Supplied material
::::

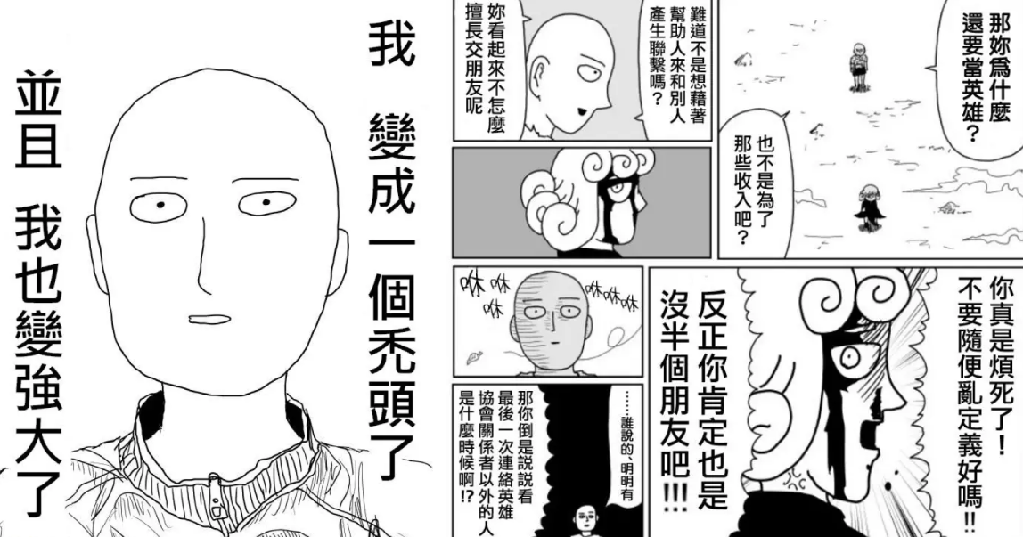 《一拳超人》是ONE原作的漫画,最早的时候,它只是ONE在个人网站上发布的练笔作,画风简单的让人觉得过于随意,大概就是这样:
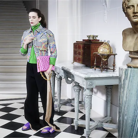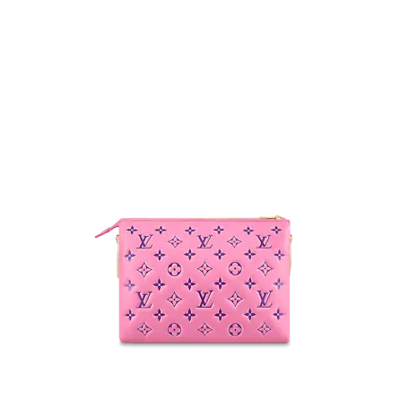 Fashioned from puffy lambskin and accessorized with a chunky gold-color chain, this Coussin PM handbag is part of the Vuittamins capsule collection. Its bright vibrant colorway is Nicolas Ghesquière’s translation of the joy and audacity of women. The Coussin can be worn cross-body with the strap, as a chain baguette, or carried under the arm.
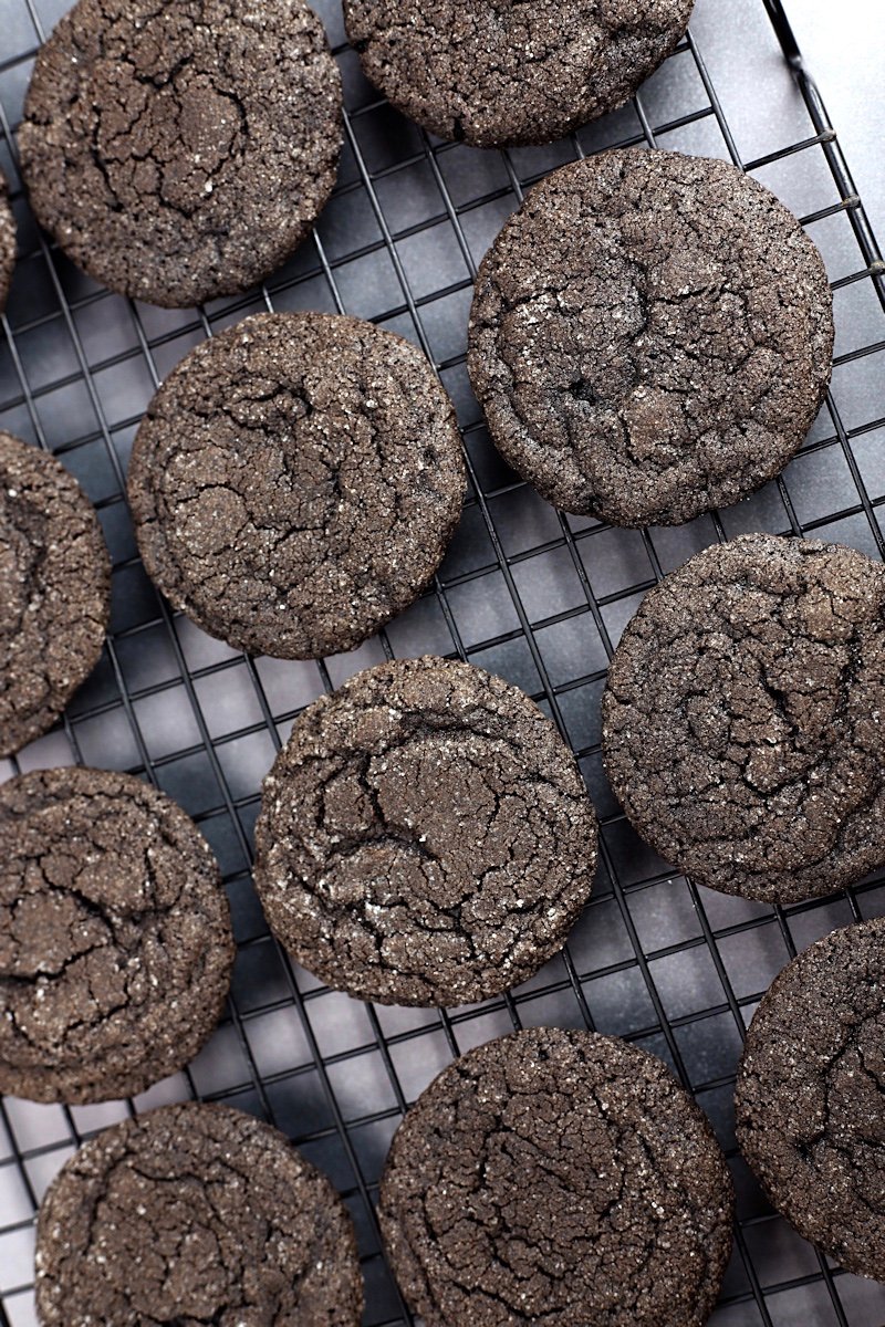 - Place cookie dough balls 2 inches apart onto a parchment lined baking sheet. Bake for 10-12 minutes, or until cookies begin to crack on top. Allow to cool for 5 minutes before removing to a wire rack to cool completely.

::::

Required work
Give again, exactly, the lines from the start of the data through the one holding "Fashioned from puffy"; omit the pictures.

Reply to the task
 《一拳超人》是ONE原作的漫画,最早的时候,它只是ONE在个人网站上发布的练笔作,画风简单的让人觉得过于随意,大概就是这样:
 Fashioned from puffy lambskin and accessorized with a chunky gold-color chain, this Coussin PM handbag is part of the Vuittamins capsule collection. Its bright vibrant colorway is Nicolas Ghesquière’s translation of the joy and audacity of women. The Coussin can be worn cross-body with the strap, as a chain baguette, or carried under the arm.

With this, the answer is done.